Come è solito nelle storie di Romero
anche in questa pellicola il regista horror più temuto torna a parlare della
società per mezzo dei suoi morti viventi, sempre più famelici e pericolosi.
Inoltre trova un pretesto per parlare di cinema e del suo linguaggio come modo
per combattere il monopolio dei media. È un film che fa riflettere sul ruolo
dell’informazione: gli avvenimenti che stanno accadendo in tutto il mondo
vengono divulgati occultando la gravità della situazione. La crisi
dell’informazione è un pretesto per il protagonista Jason di documentare quanto sta accadendo, di poter informare e
possibilmente aiutare tutti coloro che fuggono o lottano contro gli zombie.
Internet diventa la roccaforte dell’informazione amatoriale, quella che vuole
essere verità.
Durante la pellicola, la telecamera passa da persona a persona, ma il
protagonista Jason, il film maker in erba che per tutta la trama fa di tutto
per poter riprendere i terribili avvenimenti, esemplifica il cinismo
dell'operatore dietro la macchina da presa, il distacco dalla realtà per
poterla mostrare; l’operatore che presta il suo sguardo per far vedere noi
spettatori. Questo altro tema è interessante, ma pur troppo non sempre
coinvolgente; comunque nel procedere della trama questo tema diventa un
problema tra Jason e Debra (Michelle
Morgan), la quale rimane shockata dalla sua ossessione e che solo in
seguito comprende l’importanza delle sue azioni.
L'impronta di Romero è evidente, ma
stavolta non è eccezionale. Le cronache dei morti viventi ha il
terribile difetto di essere troppo sperimentale, e non lascia spazio né a
innovazioni e né a una storia coinvolgente. L' interpretazioni degli attori è
più che scadente, e le scelte discutibili dei personaggi e le reazioni di
fronte agli eventi terribili sono talmente irrealistici da lasciare incredulo
lo spettatore, fin troppo abituato a certi tipi di azioni nel panorama del
cinema horror. Le scene shockanti sono poche, ma lo splatter e il gore non
manca di certo, appagando lo spettatore. Inoltre sono numerosi i riferimenti ai
primi (La notte dei morti viventi e Zombie), che i veri amatori di questo filone filmico noteranno
sicuramente, come ad esempio alcuni “camei” di personaggi dei film precedenti.

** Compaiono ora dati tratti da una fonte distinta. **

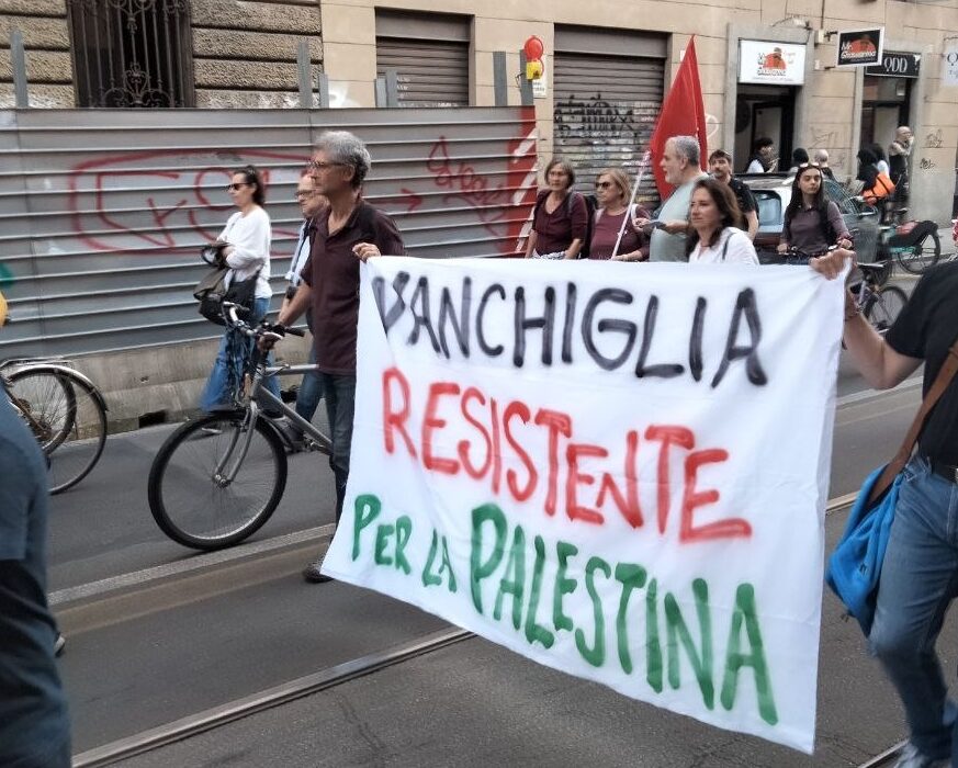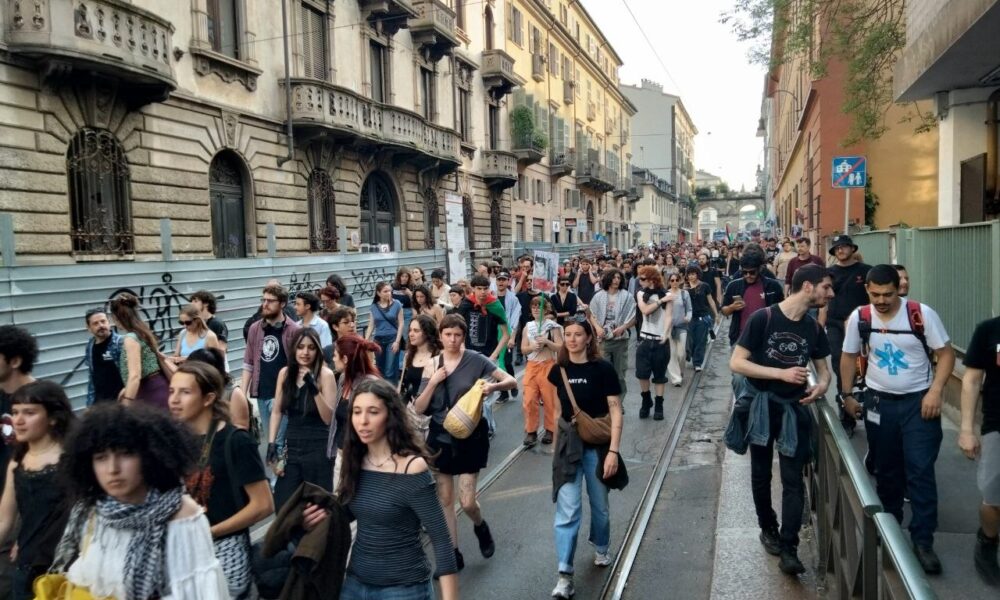 L’azione di protesta è poi culminata con il rogo di alcuni fogli di carta sui quali erano state stampate le bandiere di Israele e degli Stati Uniti, dati alle fiamme prima che il corteo riprendesse il suo percorso lungo le vie del centro.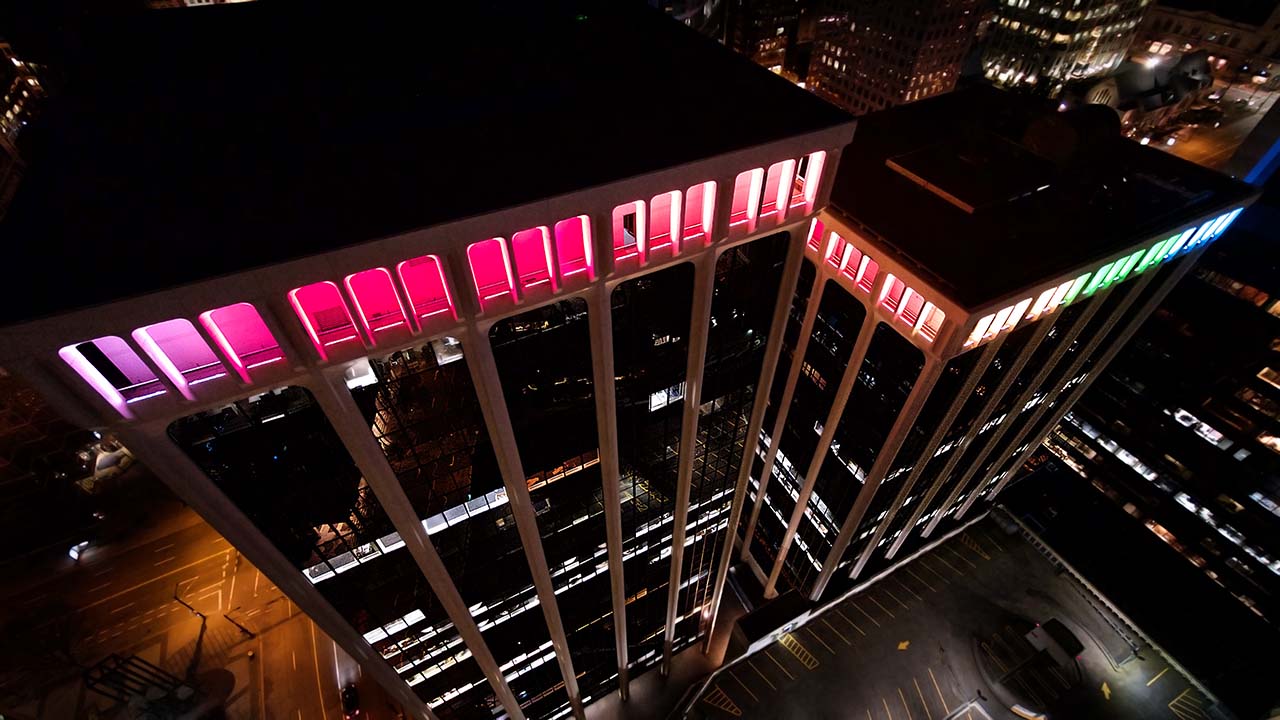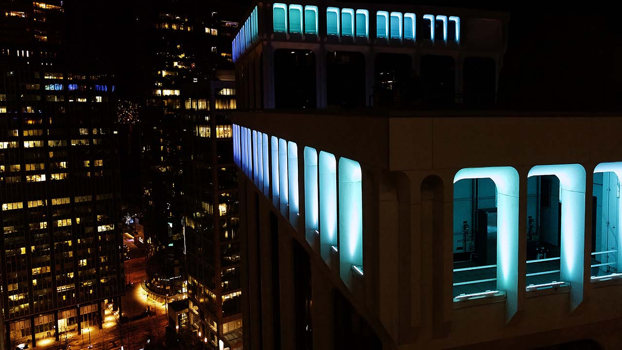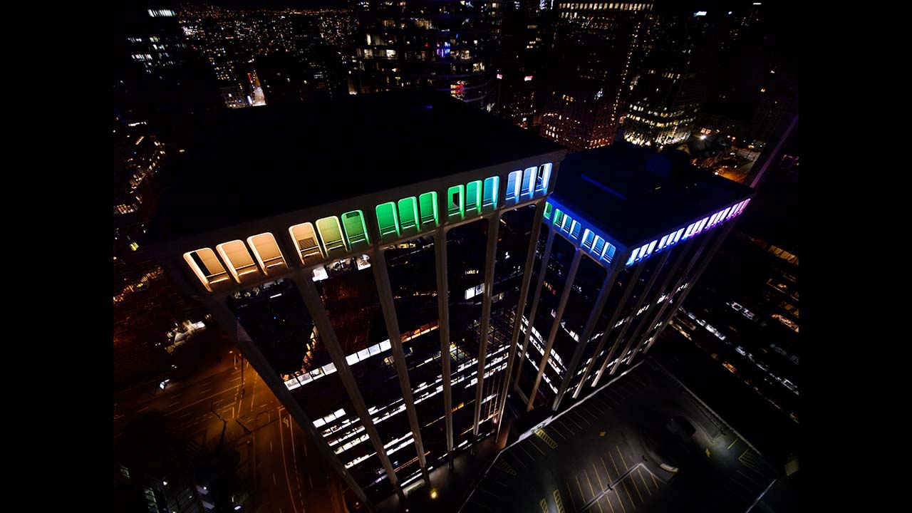 Hudson Pacific Properties embraced this trend and created a new night-time landmark by investing in a dynamic, colour-changing lighting system for the crowns of Vancouver’s most storied groups of buildings, known as the Bentall Centre.

Nelle intenzioni di George A. Romero non c’è mai stato così tanto spirito
cinico nel raccontare una storia di zombie, ma ha giocato tutte le carte in tavola
a suo sfavore per poter rinnovare il suo stile. Il rischio è stato pagato con
un film non convincente. Un sequel è già in lavorazione, e lo stile di ripresa
“amatoriale” non è in programma; si spera in una rivincita di Le
cronache dei morti viventi.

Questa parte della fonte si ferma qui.